光が強ければ強いほど、影は濃くなるものだ。首相・安倍晋三が初の日米首脳会談で環太平洋連携協定(TPP)交渉参加についてオバマ米大統領から譲歩を引き出すなど快調な政権運営を進めているのに対し、民主党の闇は深まるばかりだ。
とりわけ、落選の憂き目を見た民主党前議員は悲惨だ。月50万円の活動費が党から支給されているとはいえ、これも今年8月までの期間限定。昨年暮れの衆院選まで政権の中枢部にいた前議員はこう言って嘆いた。
「私だって政権交代して良かったと思っているぐらいですから、国民はもっとそう思っているでしょう。民主党は10年ぐらいの計画を立てて、再建の道筋を立てた方が良いのではないか」
10年計画を口にせざるを得ないほど、民主党は先が見えないのだ。
野党が存在感を示す場はなんといっても国会だ。民主党はそこで失敗を重ねている。その象徴が公正取引委員会委員長に元財務事務次官・杉本和行を起用する人事案件だった。
政府がこの人事を提示しようとすると、民主党参院議員会長・輿石東は読売新聞が事前報道したことを理由に「(人事案提示は)受けない。多くを語る必要はない」(2月7日の記者会見)と突っぱねた。輿石の意向に従い、民主党議員は衆院議院運営委員会を途中退席し、人事案提示を拒否した。
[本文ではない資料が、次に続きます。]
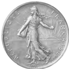
4. フランス 5フラン試作銀貨 1898 Gad750 Maz2122 KMPn99 PCGS SP64 Matt Proof FDC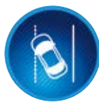
Sávelhagyásra figyelmeztető rendszer kormányrásegítéssel (LDA)

Egy radaros rendszer kamerák segítségével ellenőrzi, hogy a jármű előtti útszakaszon található-e más jármű vagy gyalogos. Amennyiben a rendszer egy ütközés kockázatát észleli, látható és hallható eszközökkel figyelmezteti a vezetőt, és egyben felkészíti a fékeket is a beavatkozásra.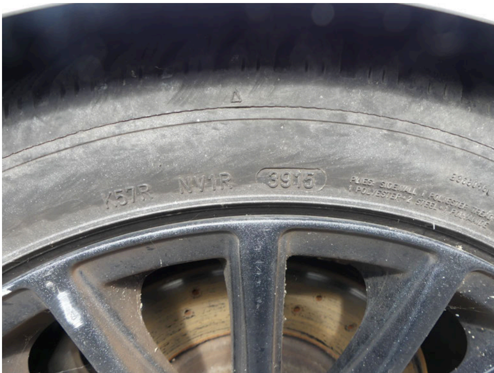
Bild: 49 Ausweisung der DOT Nummer der Radialreifen

だが、この人事は民主党政権下の昨秋に決まっていたことだ。民主党幹事長代行・安住淳が自民党幹事長代行・菅義偉(現官房長官)に杉本起用を打診、菅は自民党内調整を請け負った。ところが、その前に提出された原子力規制委員長人事の国会承認が採決されると造反者が続出しかねない、という民主党内の事情から店晒しにされていた。人事案件は提出順に処理されるため、公取委員長人事はこのあおりを受けた。
つまり、安倍政権は民主党から頼まれた人事を実行しただけだ。しかも、政府筋によると「輿石さんもこの人事案を了承していた。読売が報道した後に、輿石さんと接触したらそれでもOKを出していた。輿石さんがなぜ変わったのか、分からない」という。
国会対策の混乱の原因は輿石にある。その輿石の足下の参院民主党では、党大会直前の22日に植松恵美子(香川選挙区)と川崎稔(佐賀選挙区)の2人が離党届を提出。岩本司(福岡選挙区)は今年7月の参院選の公募に応じなかった。
彼らの心理にあるのは「民主党という看板では選挙を戦えない」という不安だ。昨年暮れの衆院選結果などを見ると、目標とする改選議席46の維持は難しく、党幹部の間では「10議席台にとどまる」とすらささやかれている。このままの状況が続くなら、さらなる離党者を招きかねない。